Configuration Settings

Number of MPI processes should be chosen based on the recombination parameters (--rec-set) and number of sockets (NUMA node) available on each node. Essentially number of MPI processes are sum of number of facet workers, number of subgrid workers and number of dynamic assignment worker. Currently, we use one worker for dynamic work assignment and this might change in the future. Number of facet workers should be equal to the number of facets in the recombination parameters, which is presented in Recombination parameters. Number of subgrid workers should be chosen based on the NUMA nodes on each compute node. If a compute node has two sockets, which means two NUMA nodes, we should ideally have two subgrid workers. If there are 16 physical cores on each socket with hyperthreading enabled, we can use all the available cores, both physical and logical, for the subgrid workers. Hence, we can use for this example, number of OpenMP threads would be 32. It is noticed that using all available cores gives us a marginal performance benefits for the dry runs.
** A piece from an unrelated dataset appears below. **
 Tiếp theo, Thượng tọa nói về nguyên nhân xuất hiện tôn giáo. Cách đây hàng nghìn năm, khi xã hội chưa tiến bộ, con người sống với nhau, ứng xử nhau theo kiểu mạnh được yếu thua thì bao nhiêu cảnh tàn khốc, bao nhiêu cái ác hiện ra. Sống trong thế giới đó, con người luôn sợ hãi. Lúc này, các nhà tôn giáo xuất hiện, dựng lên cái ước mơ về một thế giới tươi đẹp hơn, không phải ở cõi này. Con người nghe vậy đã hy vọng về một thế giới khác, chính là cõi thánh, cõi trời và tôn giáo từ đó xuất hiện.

num_mpi_process = num_facets + num_nodes * num_numa_nodes + num_dynamic_work_assignement

where num_nodes is number of nodes in the reservation, num_numa_nodes is number of NUMA node in each compute node, num_facets is number of facets and finally, num_dynamic_work_assignement is number of dynamic work assignment workers which is 1.
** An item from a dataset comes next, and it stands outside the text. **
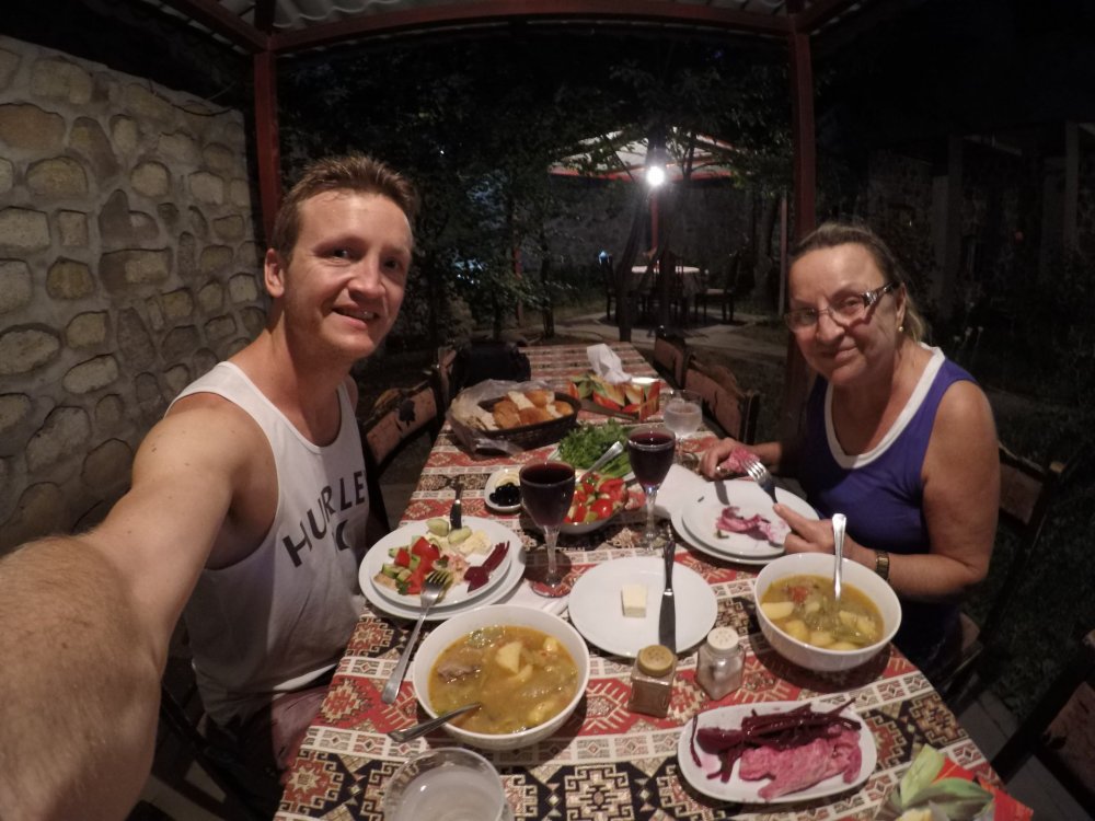 Essa viagem foi possível graças a uma promoção anunciada pelo Melhores Destinos, onde as passagens de ida e volta de Guarulhos a Tel Aviv custaram a bagatela de 1040 reais por pessoa! Na verdade, não foi um mochilão propriamente dito, pois levei minha mãe que quis ficar em hotéis e com carro alugado, mas pela escassez de informação sobre os países do Cáucaso, achei que seria interessante deixar meu relato. Esse é um resumo do que constará em breve em meu blog de viagem Rediscovering the World. Dia 1 Ao chegarmos no aeroporto de Guarulhos vindo de Floripa, eu e minha mãe pudemos aproveitar meu cartão de crédito MasterCard Smiles Platinum para termos acesso à sala VIP. Lá comemos e bebemos à vontade, até o embarque no avião grande da Ethiopian Airlines, rumo à conexão em Adis Abeba. O voo de 11,5 horas contou com refeições e entretenimento decentes. Como nosso voo seguinte seria apenas na tarde do dia seguinte, ao pousar, tivemos que encarar mais duas horas na fila da imigração temporária para recebermos os vouchers; estes, dão direito a hospedagem, transporte e refeições gratuitas. Nos colocaram no hotel Blue Sky, um lugar de qualidade duvidosa como a média etíope, e com água fria no chuveiro. Para incrementar o jantar básico que é oferecido aos ocidentais, pedi uma "injera", que é uma massa feita do grão "teff", na qual se envolve a comida com o uso das mãos. Dia 2 Dormi bem pouco, graças ao jet lag. Antes das 8, já tomamos o café da manhã. Depois, trocamos euros por birr (32 pra cada) na recepção do hotel. Sob leve chuva, paramos um táxi na rua para nos levar por 100 birr até a estação de trem. É um sistema elétrico moderno e inovador na África, tendo sigo erguido pelos chineses há alguns anos. Custa apenas de 2 a 6 birr, então fica cheio. Descemos na praça Meskel, onde há dois anos estive na comemoração do ano etíope. Seguimos em direção norte, na companhia de um nativo que foi conversando em inglês com a gente. Passamos por uns prédios governamentais e áreas verdes. Em seguida, compramos um souvenir. Retornamos sozinhos pelo centro, que deixou minha mãe, novata na África, bem ressabiada. Caminhar com tantos olhos desconfiados não foi agradável, então logo pegamos o trem de volta. Aproveitamos o almoço gratuito no hotel. Logo depois, foi a hora de enfrentarmos as checagens de segurança infinitas do aeroporto de Adis Abeba. Voamos a Israel de Ethiopian. Só que dessa vez, sem telas de vídeo individuais. Mas não fez diferença, pois eu capotei no voo de tanto sono. Mais além, descemos no aeroporto moderno de Tel Aviv. Ao procurar o transporte público, percebi que cometi um engano feio: não lembrei que sexta à noite já era "shabbat", o dia sagrado dos judeus, onde quase tudo fecha. Se fôssemos ficar em Tel Aviv ainda conseguiríamos pegar um "sherut" (van) até lá, mas acabei optando por uma hospedagem caseira bem cara, mas próxima do aeroporto, já que retornaríamos no dia seguinte. Sabe quanto custaria um táxi só de ida até Or Yehuda, 16 km distante? Uns 150 shekel (cerca de 170 reais)! E para alugar um carro na hora sairia ainda mais caro. Enquanto trocamos dinheiro num câmbio desfavorável e comíamos alguma coisa, tive a sorte de ver que existem táxis com tarifa reduzida pré-fixada no segundo andar. No final, saiu pela metade do preço. Passamos a noite no House on the Road, uma casa só pra gente. Qualidade decente, mas pelo preço abusivo, poderia ter sido melhor. Dia 3 Dormimos bem. No resto da manhã, caminhamos nas quadras ao redor para conhecer o bairro. É limpo, tranquilo e florido, mas os israelenses não são simpáticos. O sol de 30 graus impediu que continuássemos explorando, então pegamos um táxi e voltamos ao aeroporto, passando por uma infinidade de controles de segurança. Voamos com a Alitalia para Moscou, com uma escala de algumas horas em Roma. Peguei esses trechos com 20 mil milhas Smiles por pessoa. No caro aeroporto, só comi uma pizza (10 euros). No resto do tempo, usei o wi-fi liberado. Dia 4 Desembarcamos no aeroporto Sheremetievo pelas 4 h, com o dia quase nascendo. Passamos a imigração rapidamente e pegamos o ônibus noturno até a estação de Kitay-Gorod (55 rublos ~ 3,3 reais). No caminho, fiquei surpreso com o tamanho dos prédios, principalmente residenciais. Na chegada, caminhamos ao hotel CityComfort Kitay-Gorod. A suíte pra 2 pessoas com 3 diárias custou 11250 rublos. Quarto bom, mas internet ruim. Para não perder o dia, botei o despertador para tocar às 12 h. Como minha mãe não estava se sentindo bem, saí sozinho. Peguei o metrô (55 rublos por vez) até o Centro Pan-Russo de Exposições. Estava cheio de gente bonita nesse domingo lindo de sol e temperaturas agradáveis. É uma área enorme, cheia de construções suntuosas, até mesmo com ouro, além de muitos museus, aquário e áreas verdes. Caminhei bastante ao redor, mas visitei por dentro só o Centro de Cosmonáutica e Aviação (500 rublos). Há bastante informação (parcialmente em inglês), além de representações e até mesmo equipamentos e naves originais do programa espacial russo. Bem interessante. Almocei e jantei na praça de alimentação de um centro comercial. Pedi um prato com salada, purê de batata e uma carne que parecia hambúrguer por 230 rublos na primeira refeição e um "kebab" russo por 190 rublos na segunda. Entender o russo está sendo um desafio. Ler algumas coisas em alfabeto cirílico até que consigo, graças ao Duolingo, mas ouvir e falar tá bem complicado. E pela minha aparência eles assumem que sou russo e já vem falando comigo nesse idioma diferente. À noite, quando seguia pra praça Vermelha, duas coisas ruins aconteceram. Minha câmera emperrou o obturador e parou de funcionar, e a tal praça estava fechada para uma parada militar que ocorreria na semana seguinte. Assim, só pude admirar à distância a parte mais turística de Moscou, que conta com a

Some of the configurations for single and multiple nodes are:

Single Node

The program can be configured using the command line. Useful configurations:

$ mpirun -n 2 ./iotest --rec-set=T05

Runs a small test-case with two local processes to ensure that everything works correctly. It should show RMSE values of about 1e-8 for all recombined subgrids and 1e-7 for visibilities.

$ ./iotest --rec-set=small
$ ./iotest --rec-set=large

Does a dry run of the “producer” end in stand-alone mode. Primarily useful to check whether enough memory is available. The former will use about 10 GB memory, the latter about 350 GB.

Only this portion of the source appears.